На губах парня заиграла счастливая улыбка. Его мечта сбылась. Он поймал свой свет, нашел свое счастье, равно как и я. Фран вдруг сунул руку в карман штанов и извлек оттуда маленькую металлическую брошку-стрекозу с серебристым брюшком и зеленоватыми крылышками. Протянув ее мне, он, не скрывая улыбки, сказал:
— Помнишь, Принц-Балбес говорил, что женщинам обязательно надо комплименты говорить? Помнишь, учитель-жадина заявлял, что им нужны подарки? А помнишь, я ответил, что на самом деле нужны лишь чувства?
— Ты не это ответил, — усмехнулась я. Фран ехидно хмыкнул, но продолжил:
— Смысл был тот. Потому что когда любишь, можно поймать маленькую стрекозу и подарить ее, сказав: «Люблю». Большего будет не нужно. Ведь так?
— Так, — улыбнулась я.
— Тогда… — Фран поднес стрекозу к моей ладони и тихо сказал, впервые обратившись ко мне на французском языке: — Je t’aime, Маша.

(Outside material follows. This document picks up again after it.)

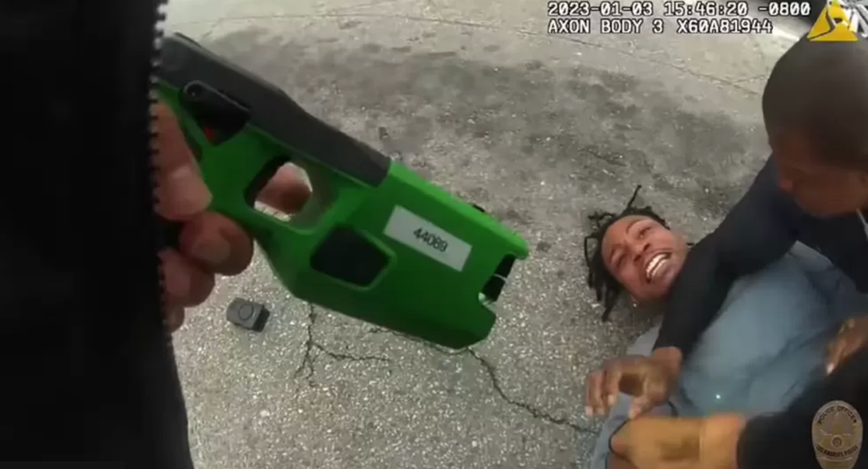 Seconds later, one of the officers uses the Taser on Anderson several times as he pleads for help.

— Фран… — на большее меня не хватило. Сердце затопила любовь, нежность и безумное желание обнять иллюзиониста и больше никогда не отпускать. Он сказал: «Я люблю тебя», — на своем родном языке! И это дорогого стоило… Я взяла из его рук стрекозу и, глядя в глаза парню, прошептала: — Je t’aime, Франческо…

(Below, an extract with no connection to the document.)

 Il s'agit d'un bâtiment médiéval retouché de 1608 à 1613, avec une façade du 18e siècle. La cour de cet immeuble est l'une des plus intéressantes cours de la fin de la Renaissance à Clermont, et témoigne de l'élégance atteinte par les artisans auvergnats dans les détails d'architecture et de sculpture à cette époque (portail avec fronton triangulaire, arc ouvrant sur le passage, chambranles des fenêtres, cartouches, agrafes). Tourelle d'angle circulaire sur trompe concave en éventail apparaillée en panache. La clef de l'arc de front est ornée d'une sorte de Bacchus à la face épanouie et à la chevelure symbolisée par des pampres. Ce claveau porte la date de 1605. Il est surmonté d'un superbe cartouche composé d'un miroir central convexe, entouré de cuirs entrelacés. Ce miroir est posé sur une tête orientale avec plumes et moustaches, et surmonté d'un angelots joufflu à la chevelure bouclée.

Парень широко и открыто улыбнулся, а в следующий миг сгреб меня в охапку и прошептал:
— Поймал… Я тебя поймал…
Сердце пропустило пару ударов, а слезы припустили еще сильнее. Слезы, которые я раньше прятала, считая слабостью. Но ведь с этим безумно сильным, но очень чистым, светлым, мудрым человеком я могу позволить себе немного побыть слабой. Лишь немного. Ведь он всегда меня поймет… Хотелось смеяться и плакать одновременно, а в душе бурлил восторг и какое-то странное, давно забытое, по-детски наивное счастье. Ведь я поняла, что он говорит о том самом диалоге. Я тогда сказала, что свой свет он когда-нибудь обязательно поймает, и вот сейчас, видимо, он впервые понял, что и впрямь это сделал…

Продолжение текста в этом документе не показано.